[DATA SECTION — start]
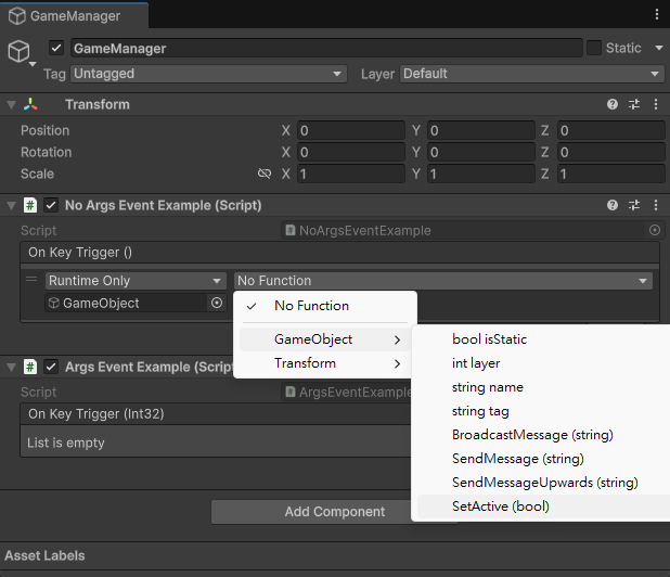 在 上一篇文章中宣告好 Unity 事件 後,除了能用 C# 來監聽與定義觸發事件後要執行的程式,也可以在檢查器中設定。本文要來介紹如何在 Unity 的檢查器中設定無參數與有參數的事件。
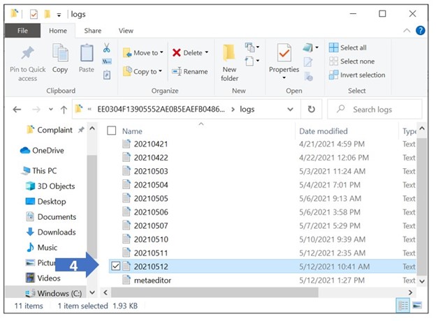 The log file names are dates. Locate the required log file (based on the date on which the issue occured).
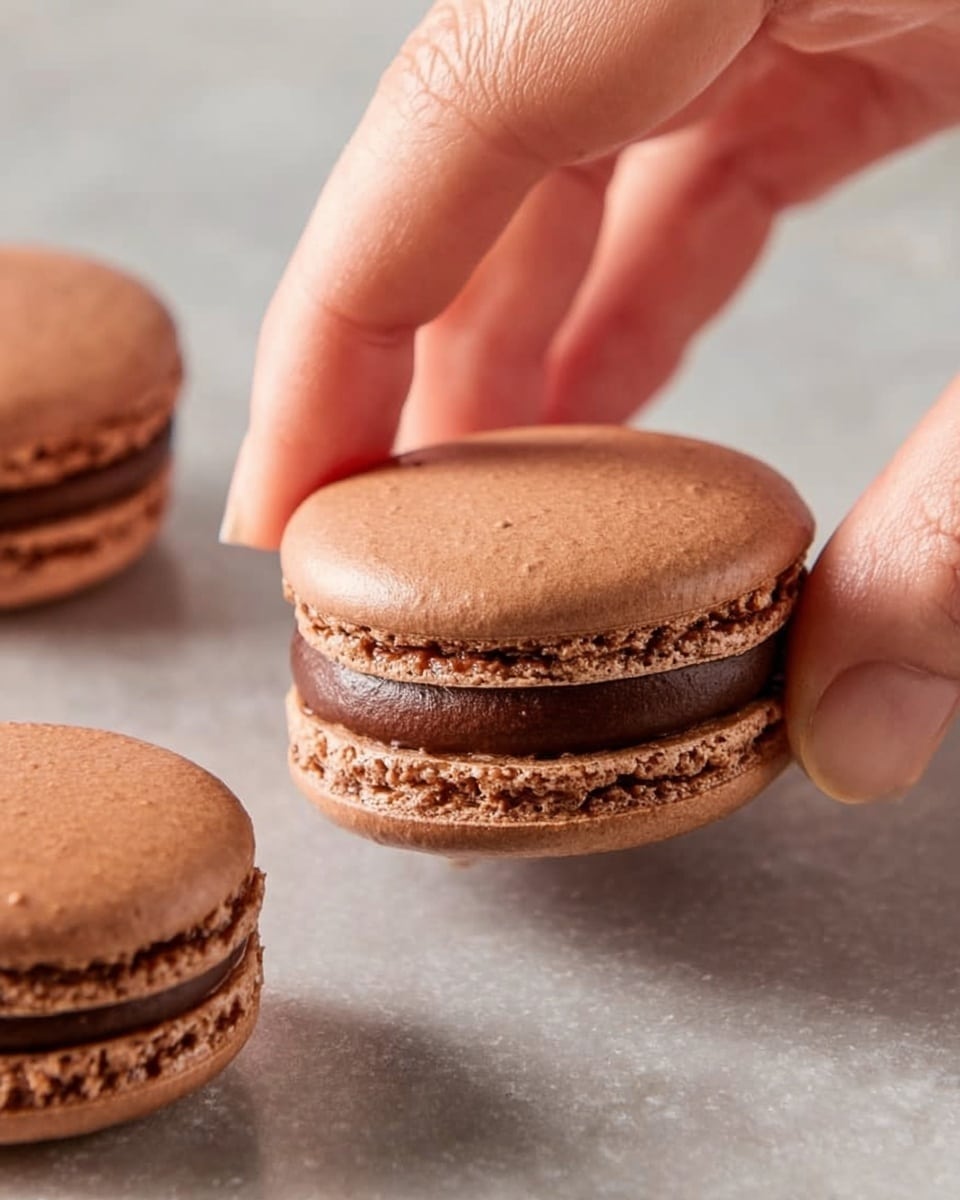 I typically dust the finished macarons with a tiny sprinkle of cocoa powder or edible gold dust for a touch of elegance. You can also try fine sea salt flakes on top of the filling for a trendy sweet-salty twist — my friends always ask for that version!
[DATA SECTION — finish]
WHAT TO WORK ON → Would you copy out the material above exactly, without the pictures in it?

RESULT OF THIS EXERCISE →
 在 上一篇文章中宣告好 Unity 事件 後,除了能用 C# 來監聽與定義觸發事件後要執行的程式,也可以在檢查器中設定。本文要來介紹如何在 Unity 的檢查器中設定無參數與有參數的事件。
 The log file names are dates. Locate the required log file (based on the date on which the issue occured).
 I typically dust the finished macarons with a tiny sprinkle of cocoa powder or edible gold dust for a touch of elegance. You can also try fine sea salt flakes on top of the filling for a trendy sweet-salty twist — my friends always ask for that version!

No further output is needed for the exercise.